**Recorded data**
----------
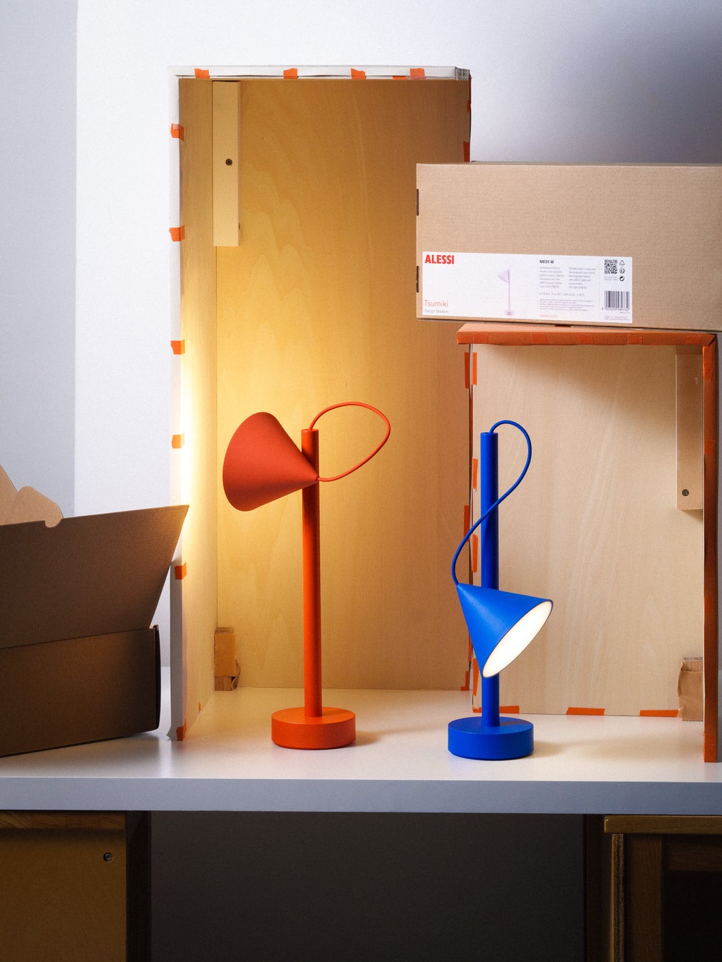 日本語で、ブロック等を積み上げる玩具を指す「つみき」からインスピレーションを受けた充電式のデスクランプ。一般的なテーブルライトを構成するシェード、ステム、ベースという要素を再構築することで新しい照明のあり方をデザインしました。シェードはマグネットでステムに付いており、好みに合わせて上下にスライド、360度回転させることができます。また、ステムにバッテリーを内蔵しているため、ベースから取り外してポータブルライトとして持ち運ぶことも可能。
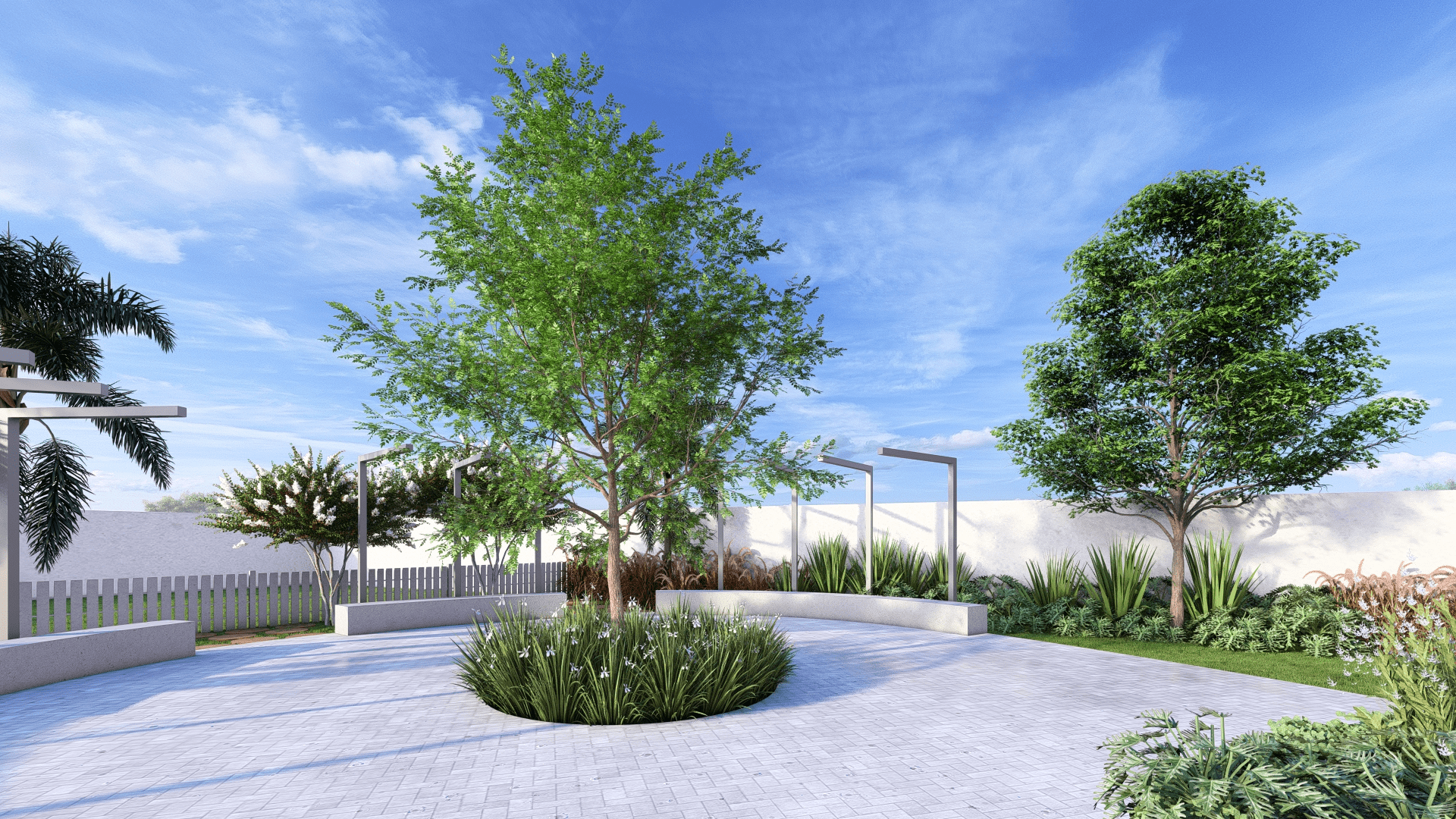 O design paisagístico foi meticulosamente planejado para criar cri um ambiente sofisticado e acolhedor, combinando elementos tropicais e clássicos que complementam a arquitetura e o ambiente do condomínio.
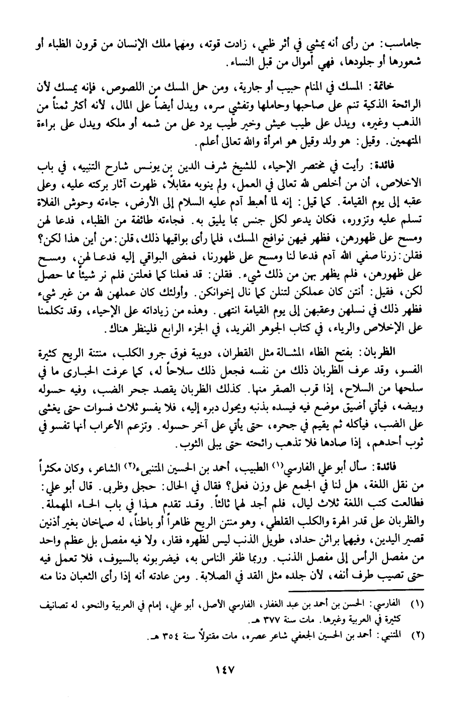 : رأيت في مختصر الإحياء، للشيخ شرف الدين بن يونس شارح التنبيه، في باب الاخلاص، أن من أخلص لله تعالى في العمل، ولم ينوبه مقابلا، ظهرت آثار بركته عليه، وعلى عقبه إلى يوم القيامة. كما قيل: إنه لما أهبط آدم عليه السلام إلى الأرض، جاءته وحوش الفلاة تسلم عليه وتزوره، فكان يدعو لكل جنس بما يليق به. فجاءته طائفة من الظباء، فدعا لهن ومسح على ظهورهن، فظهر فيهن نوافج المسك، فلما رأى بواقيها ذلك، قلن: من أين هذا لكن؟
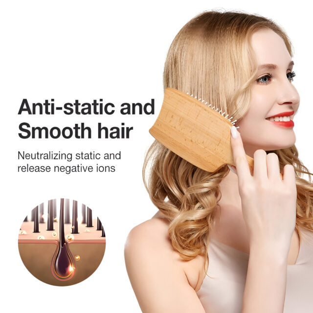 Made from durable natural beech wood, this brush isn’t just beautiful—it’s built to perform. Measuring approximately 9.7 inches in length, its wide board shape is ideal for all hair types, from fine to thick, curly to straight. The air-cushioned base absorbs pressure, reducing stress on the scalp and helping prevent damage. Wooden bristles gently stimulate blood circulation while distributing natural oils evenly for shinier, healthier-looking hair.
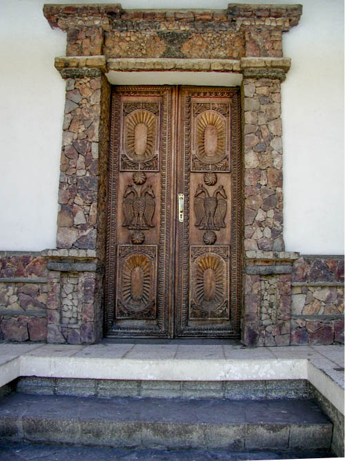 The elaborately carved front door to Juan Sisay's house with two-headed winged birds.
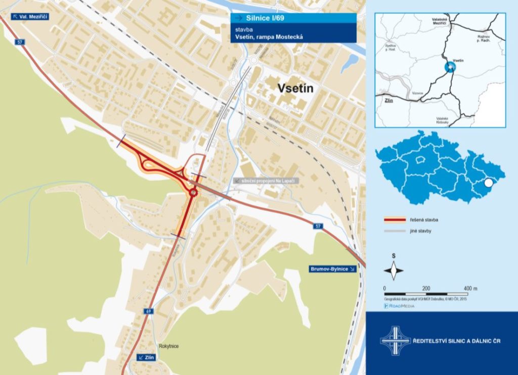 Aktuálně na stavbě “I/69 Vsetín, rampa Mostecká” probíhají přípravné práce, a to kácení stromů a mýcení keřů. Stavba řeší vybudování dvou nových křižovatkových větví frekventované křižovatky silnic I/57 a I/69 ve Vsetíně v místní části Rokytnice. Úpravou dojde ke zvýšení bezpečnosti silničního provozu. Jde o velmi nebezpečný úsek, kde často dochází k nehodám s tragickými následky.
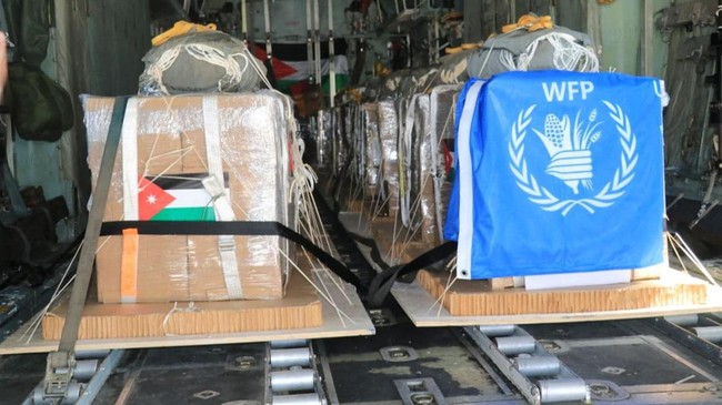 Gaza - Militer Yordania kembali mengirim bantuan melalui udara di Jalur Gaza. Pengiriman dilakukan bekerja sama dengan Amerika Serikat, Prancis, dan Mesir.
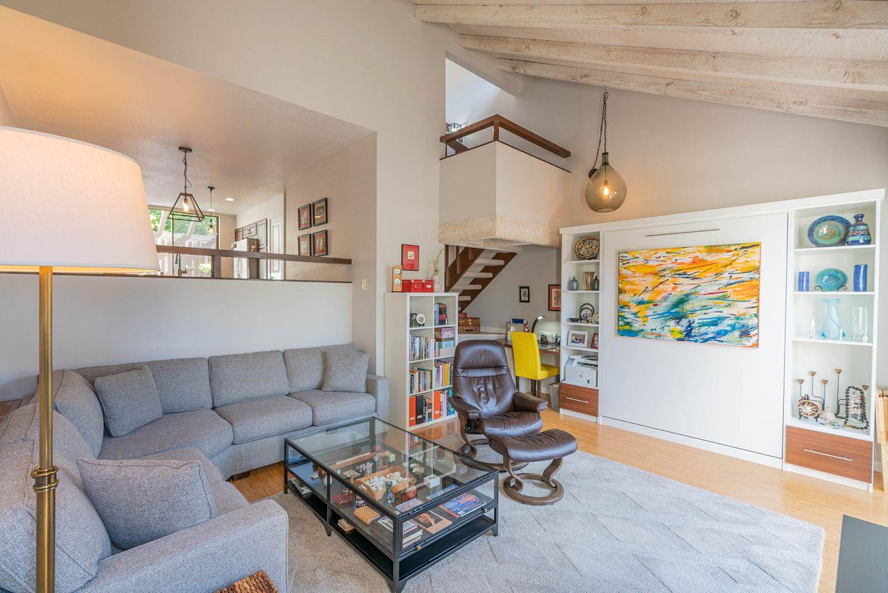 Beautiful Carmel Retreat, nestled in the quiet sought after "High Meadow" Carmel Complex. This large one bedroom Condo is a "Dream come true" The High ceiling living room was just equipped with a Murphy Bed Wall unit with shelves. Designer Hunter Douglas window treatments enhance the sliders going out to your balcony off the living room. Custom desk under the staircase, Upstairs Miele washer and dryer, with custom folding area. Bathroom has a double sink, and beautiful tile shower. Lots of storage throughout. The kitchen has stainless steel appliances, canned lighting and designer lighting. The Tv's stay with the Unit for your immediate enjoyment. The front entrance private stamped concrete patio invites you to enjoy the sunshine and BBQ next to your kitchen. Enjoy your private retreat with swimming pool, walkways and tennis in your own backyard.
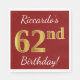Red, Faux Gold 62nd Birthday + Custom Name Napkin
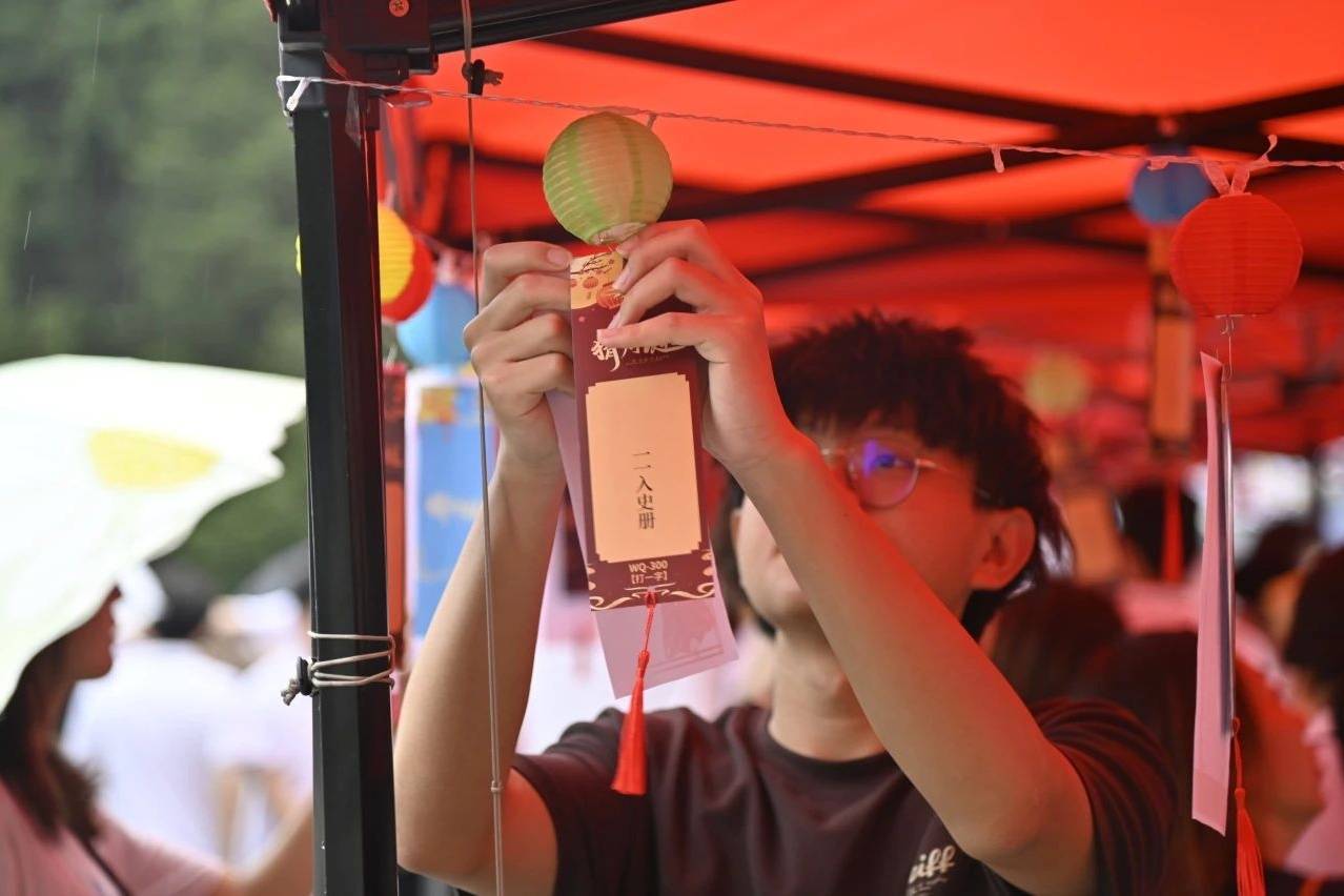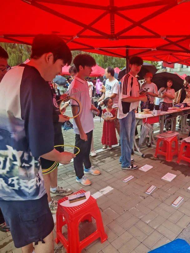 圈定金彩——套圈游戲趣味十足,東大定制背包、毛絨公仔、金屬書簽等特色獎品引發陣陣歡笑與喝彩
----------
**Try it**
Only the lines above from the one with "Aktuálně na stavbě" to the one with "Gaza - Militer" should be printed, both included and exactly as written; no picture belongs in the copy.

**Reply to the exercise**
 Aktuálně na stavbě “I/69 Vsetín, rampa Mostecká” probíhají přípravné práce, a to kácení stromů a mýcení keřů. Stavba řeší vybudování dvou nových křižovatkových větví frekventované křižovatky silnic I/57 a I/69 ve Vsetíně v místní části Rokytnice. Úpravou dojde ke zvýšení bezpečnosti silničního provozu. Jde o velmi nebezpečný úsek, kde často dochází k nehodám s tragickými následky.
 Gaza - Militer Yordania kembali mengirim bantuan melalui udara di Jalur Gaza. Pengiriman dilakukan bekerja sama dengan Amerika Serikat, Prancis, dan Mesir.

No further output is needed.